Faraday to Charles Frederick Winslow   26 April 1858

Royal Institution | London | 26 April 1858

Dear Sir

I write at once to acknowledge your letter1 and your paper2 on the relations of the sun and the earth. I am very glad to see you occupied on the subject, and certainly have been very much surprised by your monthly table of earthquakes and volcanic eruptions. The relation of these mighty terrestrial phenomena to the distance at which our earth is placed from the sun at the time seems as if it could only be referred to the amount of heat received at the time from the sun or else to some function of the force of gravity varying as it does in accordance as to time with the phenomena3.

I sincerely wish you may establish your view i.e. may by further examination of the phenomena prove it to be the truth. We none of us want anything but the truth, but when the truth is in a new direction and aside from our preconceived notions we are often very slow to receive it. I should be very glad to find some effect of gravity that might be considered complementary to the variation of that force by change of distance but the thought is very coldly received here4. I see no reason to change my own impression but I should rejoice to find them receiving either expansion or correction by such views as yours.

You amuse me rather by your account of your interview with Sir Astley Cooper5, and I am glad you did not take his advice. If you have found a good wife you have found sources of happiness very different but quite equal to those which science could have given you and I trust far more abundant. I believe that the work God intended you for has been as well carried out as it would have been by any monkish devotion to science alone.
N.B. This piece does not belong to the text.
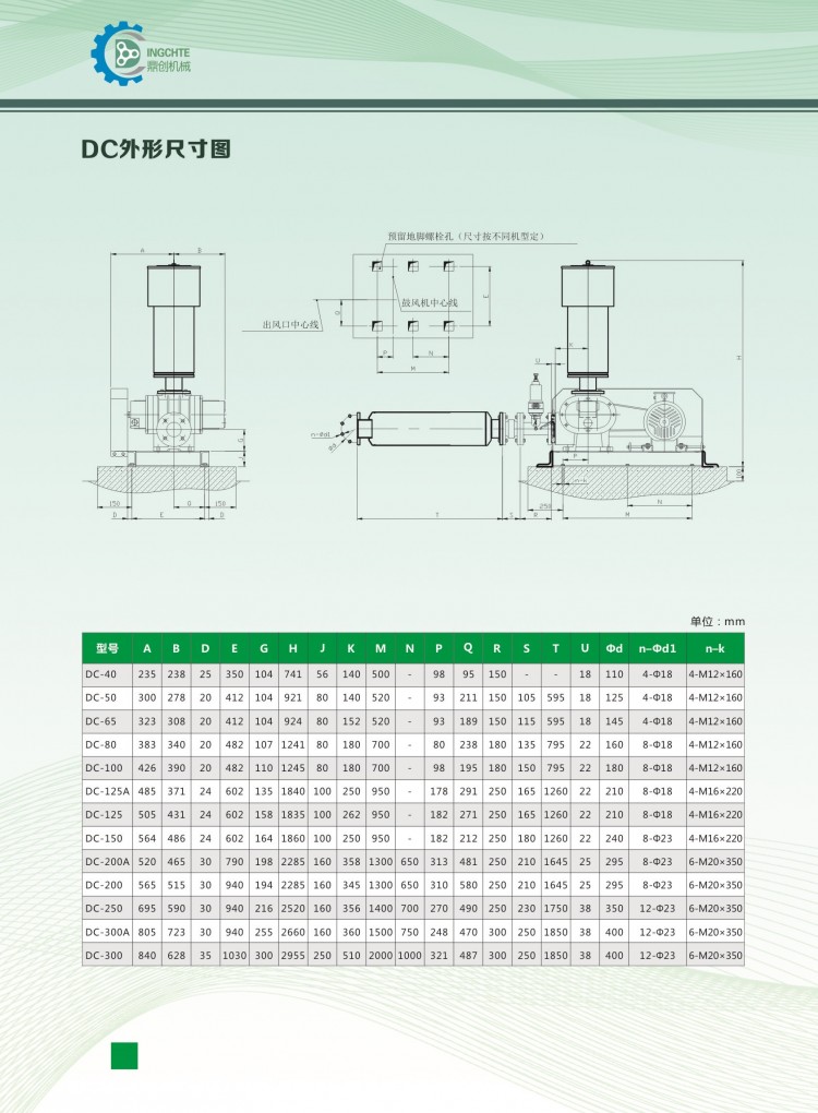 DC-40魯氏鼓風機的特點: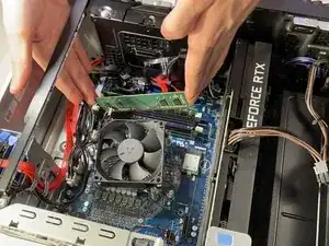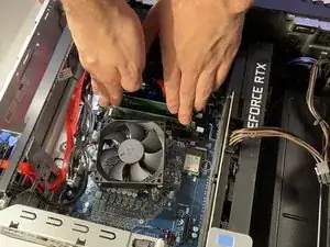 Плотно надавите на планку оперативной памяти, пока не услышите щелчок с обеих сторон.

It is in the power of man to perform duties of both kinds and I suspect his moral and religious nature will be best subserved by a wife and family.

I do not imagine that I shall hear from either Airy or Sabine on the subject of your paper. I doubt whether either are as yet favorable to such views as ours. If the views be truth it will require time for them to make their view. Still they are announced and I am persuaded will progress though probably not much in the present generation.

I am Sir | Your Very Obliged Servant | M. Faraday

Dr. C.F. Winslow

Winslow (1858).
For Faraday’s continuing interest in Winslow’s views see Faraday, Diary,10 February 1859, 7: 15810.
See the anonymous and hostile review of Faraday (1857a), Friday Evening Discourse of 27 February 1857, in Athenaeum,28 March 1857, pp.397-9 by Augustus De Morgan (1806-1871, ODNB), Professor of Mathematics at University College, London.
Astley Paston Cooper (1768-1841, ODNB). Surgeon.

Bibliography

FARADAY, Michael (1857a): “On the Conservation of Force”, Proc. Roy. Inst., 2: 352-65.

WINSLOW, Charles Frederick (1858): “Central Relations of the Sun and Earth”, Annual of Scientific Discovery, 364-70.